The federal shutdown, if it continues as predicted, could last nearly five times longer than the historical average durations for such government closures in the US. Kalshi’s projections suggest a 54.5% probability that the shutdown might surpass the 41-day mark, marking unprecedented times in the nation’s administrative history.

This extension of the shutdown significantly impacts the pipeline of ETFs queued up for authorization, starting from October 19. Despite these hurdles, issuing companies are undeterred, pressing on with the submission of XRP, HYPE, and staked Ethereum ETFs filings. This perseverance signals a shared belief that a rapid wave of approvals is on the horizon once the US Securities and Exchange Commission (SEC) resumes normal operations.

At the forefront of this burgeoning interest in crypto ETFs is the robust market demand. Charles Schwab’s CEO, Rick Wurster, emphasized in a discussion with CNBC that cryptocurrency remains a subject of significant intrigue and involvement among the firm’s clientele. Schwab’s clients now hold approximately 21% of all crypto ETFs in the United States, demonstrating the sector’s expanding footprint in mainstream finance.

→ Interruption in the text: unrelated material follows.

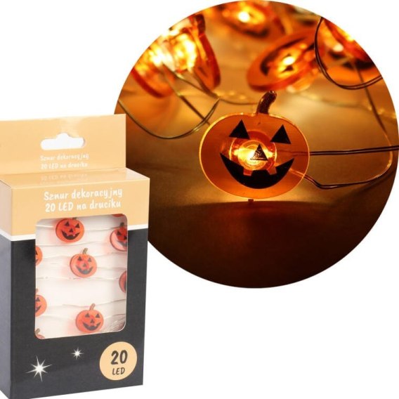 Dekoracyjne Lampki LED w Kształcie Dyni na Giętkim Druciku, Zasilane na Baterie
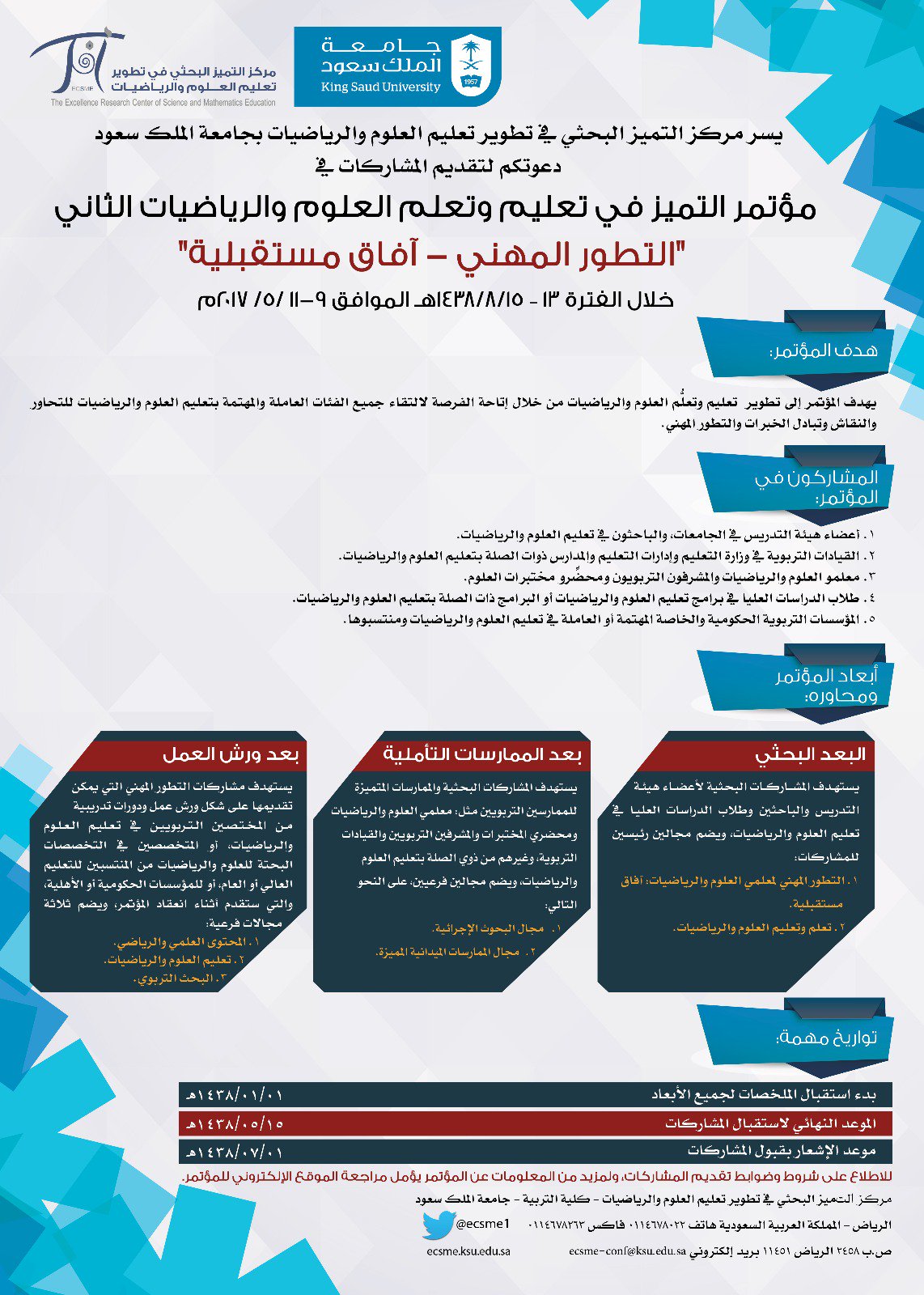 أفكر On Twitter ينعقد مؤتمر التميز الثالث في تعليم وتعلم العلوم والرياضيات في جامعة الملك سعود خلال الفترة من 5 إلى 7 رجب القادم ويستمر استقبال المشاركات في جميع أبعاد المؤتمر حتى 15 ربيع

Furthermore, visits to Schwab’s cryptocurrency platform have soared by 95% over the past year. This statistic underscores the mounting enthusiasm from both retail investors and institutional entities. In a testament to this interest, over five new cryptocurrency ETF applications have been lodged with the SEC in the past week, despite the standoff in Washington.

A recent application from VanEck highlights the launch of a Lido Staked Ethereum ETF, while another ambitious proposal from 21Shares seeks approval for a 2x leveraged ETF on the HYPE index. These filings, alongside several XRP and additional leveraged crypto ETFs, reflect a strategic push to capitalize on the evolving landscape of digital finance.

Industry analysts are optimistic that the end of the shutdown could trigger a significant acceleration in the approval of altcoin ETFs. Should this surge materialize, it has the potential to ignite substantial growth and renewed interest across various alternative digital currencies, thereby reinvigorating the broader cryptocurrency market.

As the shutdown continues to loom, its ripple effects are felt across the financial sector. However, the relentless drive for innovation and expansion within the crypto ETF space remains unabated, poised to accelerate once political normalcy returns. This anticipation of a transformative phase for digital assets stands as a testament to the resilience and forward-thinking mindset of the cryptocurrency industry.